YOUR ASSIGNMENT =
Please repeat the entries word for word and keep the images out.

Stored items

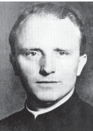
Franz Stock: ein Wegbereiter der deutsch-französischen Versöhnung.

Am 22.8.2004 fand anlässlich des 100. Geburtstages von Franz Stock auf dem Borberg bei Brilon eine Friedenswallfahrt unter Mitwirkung von pax christi statt.
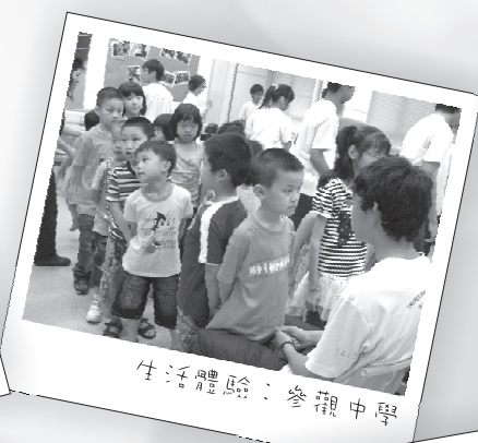
生活體驗：參觀中學
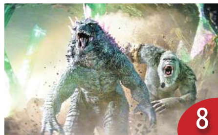
經典哥吉拉 橫掃全球票房
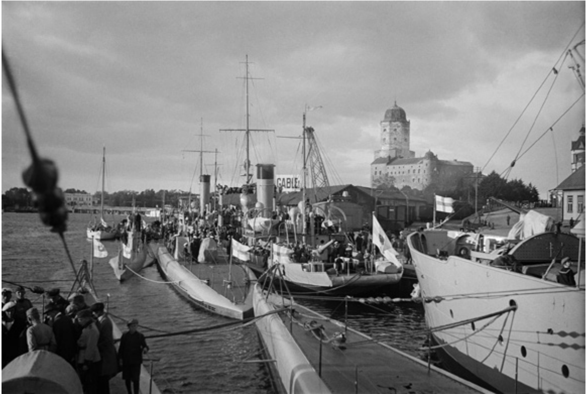
Viipurin satama (1930-luku).
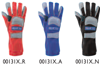
00131X..R 00131X..A 00131X..N

• A luva X-Pro é muito avançada em termos de vestimenta e matéria-prima utilizada. A modelagem pré-curvada, as costuras especiais e reforços acolchados protegem o piloto em qualquer condição de corrida. Couro reforçado com alta aderência. Fabricada com tecido Nomex®.
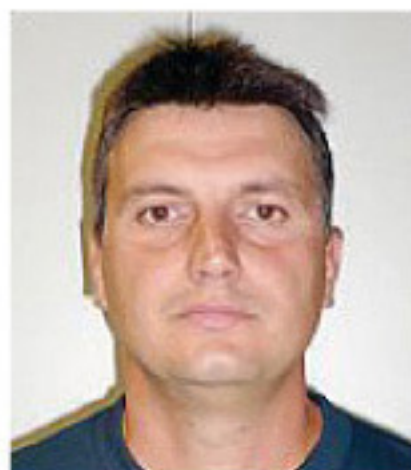
Pinca tecnico della Stadium

della prestazione dei miei ragazzi: siamo stati molto bravi in battuta, efficaci a muro ed attenti anche ai minimi particolari
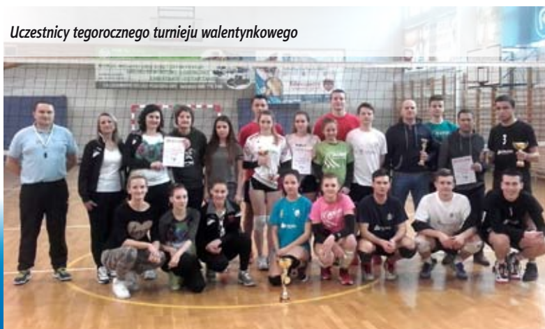
Uczestnicy tegorocznego turnieju walentynkowego
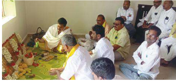
-ఆత్మకూరులో "ఆనం" విజయం తద్దం
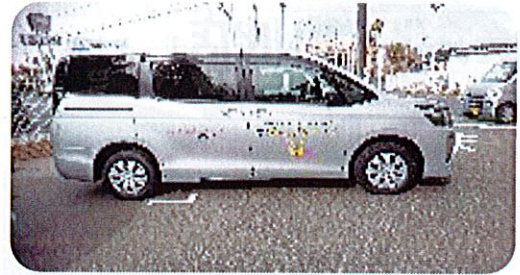
ボクシー 8人乗り (配当分 2,360,000円)

平成28年共同募金（利用者送迎用車両整備事業）に申請しておりました車両（トヨタ・ボクシー・8人乗り…車椅子1台の時は6人乗り）が平成28年11月10日に納車になり公用車として仲間入りをしました。募金をいただきありがとうございます。大切に使用させていただきます。
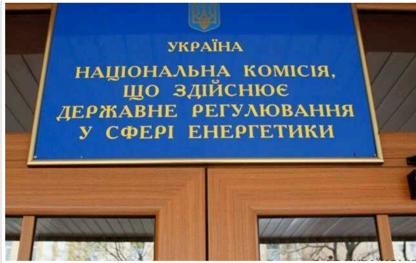
У НКРЕКП спростовують інформацію про збільшення тарифів на електрику у травні
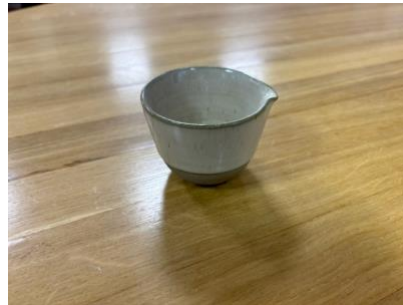
FO NA CR
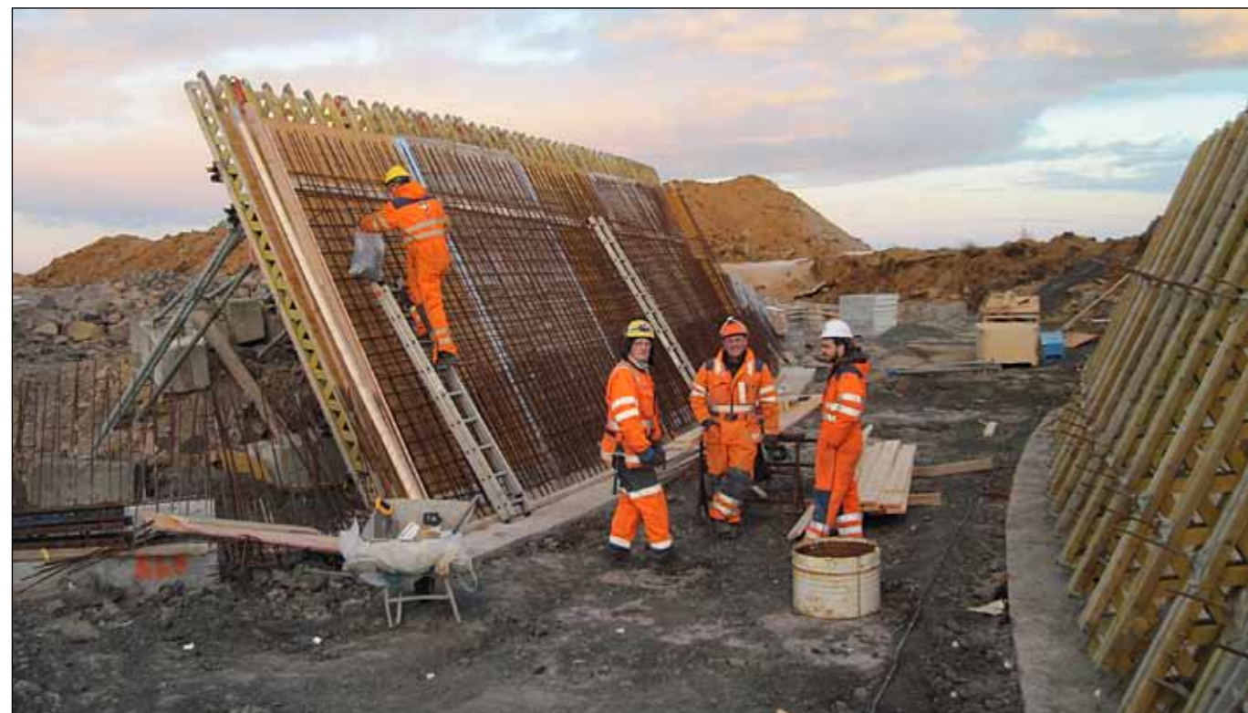
Álftanesvegur. Gerð undirganga. Verktaki ÍAV hf., Myndin var tekin 14. janúar sl.
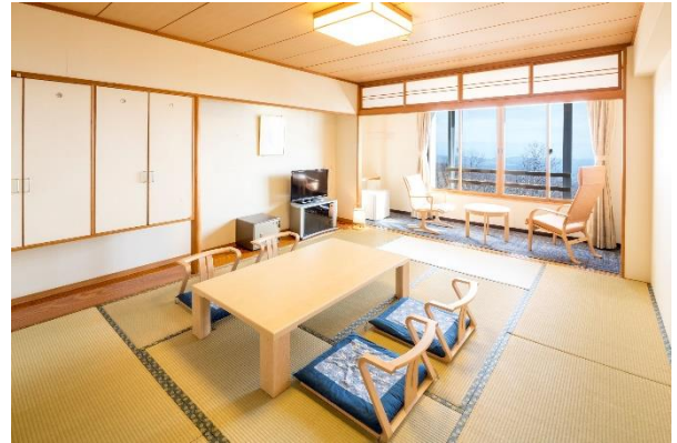
小岩井農場や雫石の田園風景を見渡す和室
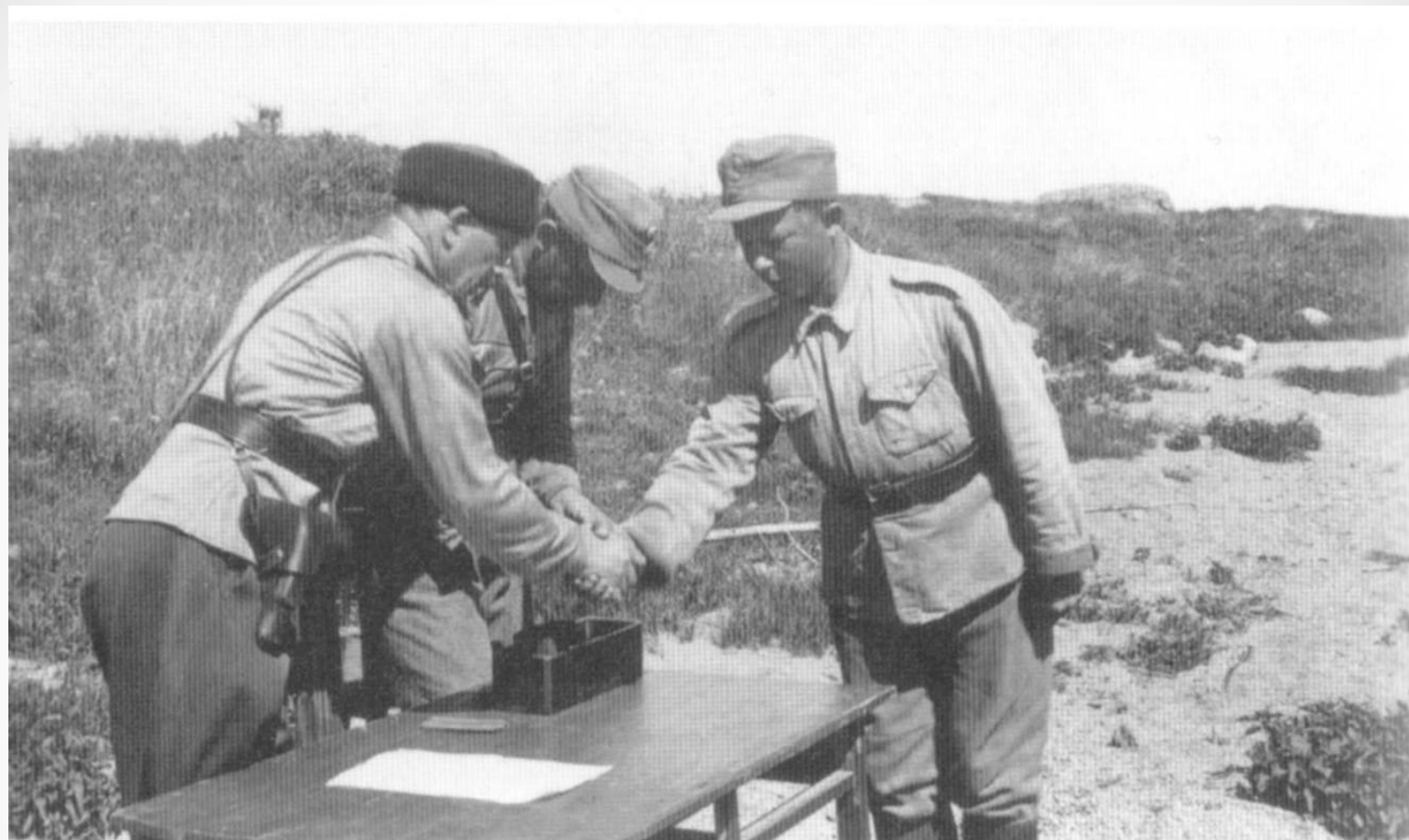
Церемония награждения курсантов Петрозаводской школы финской разведки, 1943 г., берег оз. Шотозеро.
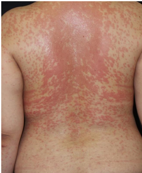
図1 多形紅斑（セレコキシブによる薬疹）
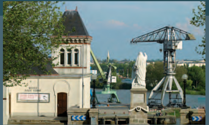
La butte Sainte-Anne et le Musée Jules Verne

Opalescence semble un endroit propice pour mener une vie équilibrée: au quotidien, il suffit de quelques minutes pour rejoindre en voiture le centre commercial Atlantis; en aussi peu de temps, le périphérique voisin est une invitation à prendre le large vers des horizons balnéaires.
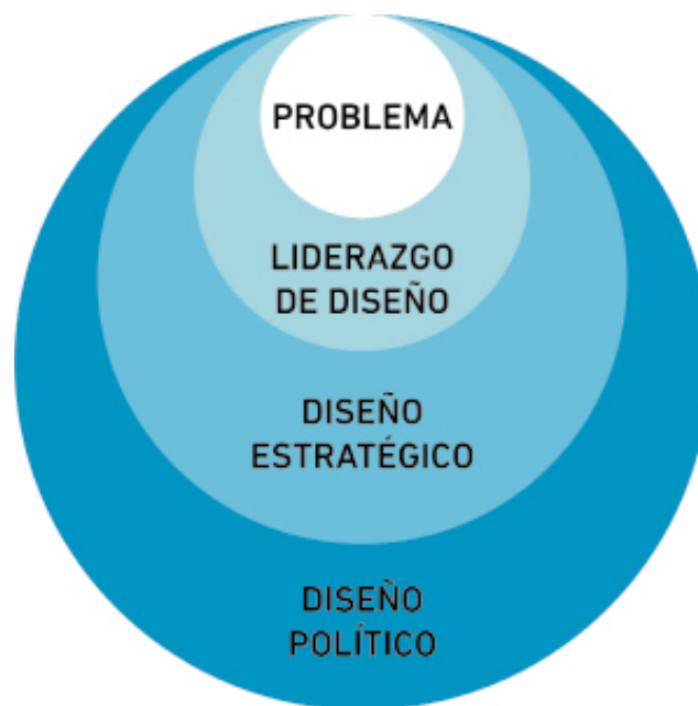
Figura 1. Jerarquía relativa del diseño estratégico.

Es así entonces, que el diseño estratégico se vale de una posición jerárquica que se ubica entre el liderazgo y la política de diseño (Gusakov, 2020). Este enfoque se basa en la selección y ajuste de las variables que debería incluir un proyecto –como pueden ser las tecnológicas, productivas, comunicacionales, de distribución y de uso– para alcanzar un determinado objetivo (Rittel y Webber, 1973).
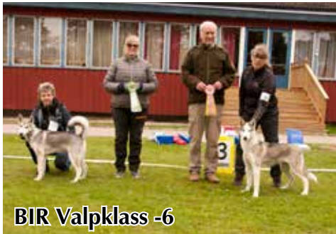
BIR Valpklass -6

hund. Det är Inte alltid den bästa hunden som vinner då kanske den bästa inte visar sig. Det är lätt att göra en bra hund sämre men en dålig hund går aldrig att göra bra.
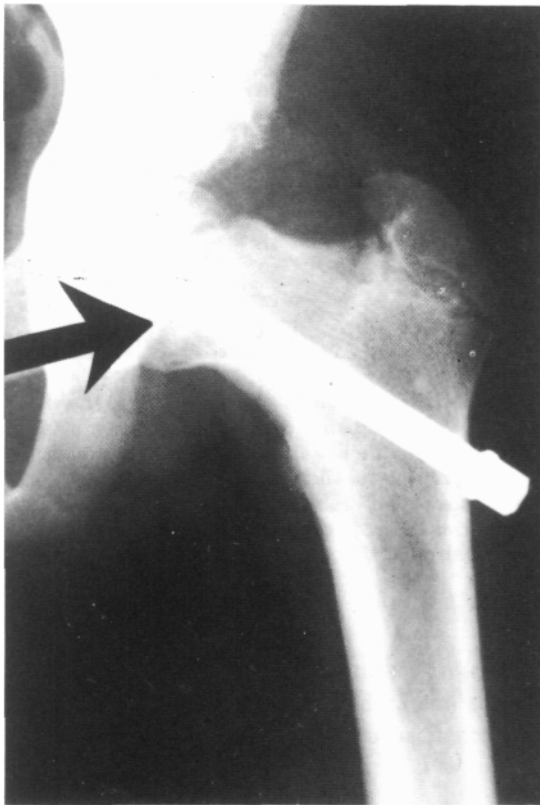
Fig. 3. El alma del tornillo es igual al diámetro externo de la rosca, para facilitar la extracción.

Presenta un diámetro intraóseo de 6,5 mm, que es igual al diámetro externo de la rosca. La rosca es de tipo esponjosa autorroscante con una longitud de 20 mm. Tiene una cabeza cilíndrica de 9,3 mm de diámetro y 10 mm de longitud, presentando un hexágono interno y otro externo que permite en for-
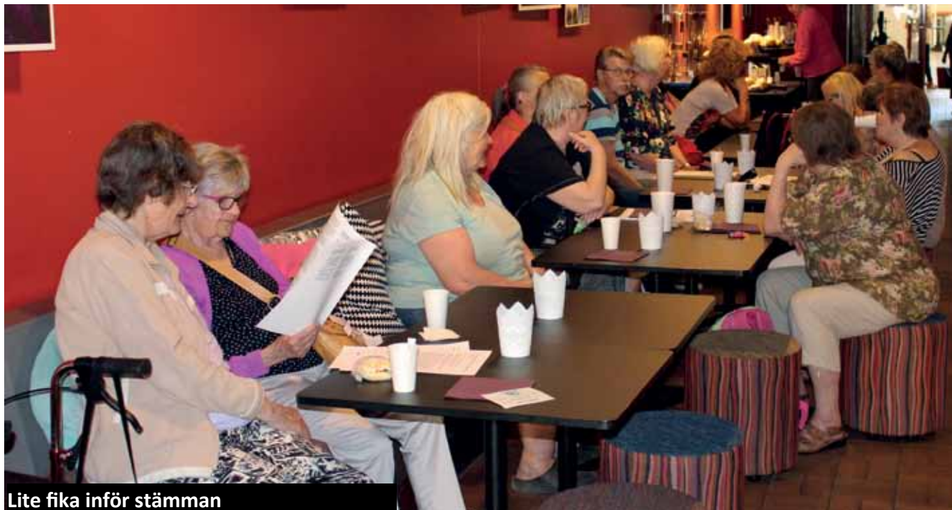
Lite fika inför stämman
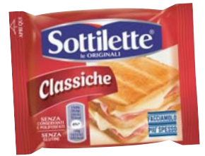
SOTTILETTE CLASSICHE/FILA E FONDI 400G
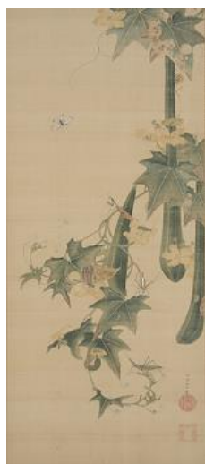
伊藤若冲 糸瓜群虫図 1幅 細見美術館蔵
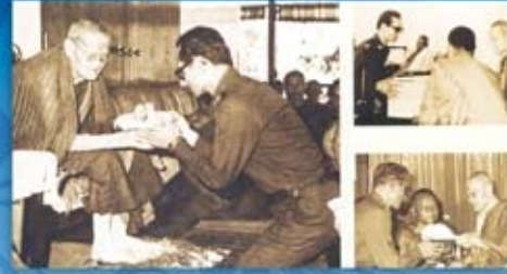
ได้เสด็จพระราชดำเนิน เพื่อทรงนมัสการหลวงปู่ขาว อนาลโย และถวายปัจจัยปัจจัยไทยธรรม ถวายผ้าพระกฐินและสนทนาธรรม จังหวัดอุดรธานี
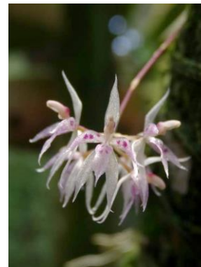
59 Macroclinium roseum Barb.Rodr.

ANSWER FOR THE TASK =
Franz Stock: ein Wegbereiter der deutsch-französischen Versöhnung.

Am 22.8.2004 fand anlässlich des 100. Geburtstages von Franz Stock auf dem Borberg bei Brilon eine Friedenswallfahrt unter Mitwirkung von pax christi statt.
生活體驗：參觀中學
經典哥吉拉 橫掃全球票房
Viipurin satama (1930-luku).
00131X..R 00131X..A 00131X..N

• A luva X-Pro é muito avançada em termos de vestimenta e matéria-prima utilizada. A modelagem pré-curvada, as costuras especiais e reforços acolchados protegem o piloto em qualquer condição de corrida. Couro reforçado com alta aderência. Fabricada com tecido Nomex®.
Pinca tecnico della Stadium

della prestazione dei miei ragazzi: siamo stati molto bravi in battuta, efficaci a muro ed attenti anche ai minimi particolari
Uczestnicy tegorocznego turnieju walentynkowego
-ఆత్మకూరులో "ఆనం" విజయం తద్దం
ボクシー 8人乗り (配当分 2,360,000円)

平成28年共同募金（利用者送迎用車両整備事業）に申請しておりました車両（トヨタ・ボクシー・8人乗り…車椅子1台の時は6人乗り）が平成28年11月10日に納車になり公用車として仲間入りをしました。募金をいただきありがとうございます。大切に使用させていただきます。
У НКРЕКП спростовують інформацію про збільшення тарифів на електрику у травні
FO NA CR
Álftanesvegur. Gerð undirganga. Verktaki ÍAV hf., Myndin var tekin 14. janúar sl.
小岩井農場や雫石の田園風景を見渡す和室
Церемония награждения курсантов Петрозаводской школы финской разведки, 1943 г., берег оз. Шотозеро.
図1 多形紅斑（セレコキシブによる薬疹）
La butte Sainte-Anne et le Musée Jules Verne

Opalescence semble un endroit propice pour mener une vie équilibrée: au quotidien, il suffit de quelques minutes pour rejoindre en voiture le centre commercial Atlantis; en aussi peu de temps, le périphérique voisin est une invitation à prendre le large vers des horizons balnéaires.
Figura 1. Jerarquía relativa del diseño estratégico.

Es así entonces, que el diseño estratégico se vale de una posición jerárquica que se ubica entre el liderazgo y la política de diseño (Gusakov, 2020). Este enfoque se basa en la selección y ajuste de las variables que debería incluir un proyecto –como pueden ser las tecnológicas, productivas, comunicacionales, de distribución y de uso– para alcanzar un determinado objetivo (Rittel y Webber, 1973).
BIR Valpklass -6

hund. Det är Inte alltid den bästa hunden som vinner då kanske den bästa inte visar sig. Det är lätt att göra en bra hund sämre men en dålig hund går aldrig att göra bra.
Fig. 3. El alma del tornillo es igual al diámetro externo de la rosca, para facilitar la extracción.

Presenta un diámetro intraóseo de 6,5 mm, que es igual al diámetro externo de la rosca. La rosca es de tipo esponjosa autorroscante con una longitud de 20 mm. Tiene una cabeza cilíndrica de 9,3 mm de diámetro y 10 mm de longitud, presentando un hexágono interno y otro externo que permite en for-
Lite fika inför stämman
SOTTILETTE CLASSICHE/FILA E FONDI 400G
伊藤若冲 糸瓜群虫図 1幅 細見美術館蔵
ได้เสด็จพระราชดำเนิน เพื่อทรงนมัสการหลวงปู่ขาว อนาลโย และถวายปัจจัยปัจจัยไทยธรรม ถวายผ้าพระกฐินและสนทนาธรรม จังหวัดอุดรธานี
59 Macroclinium roseum Barb.Rodr.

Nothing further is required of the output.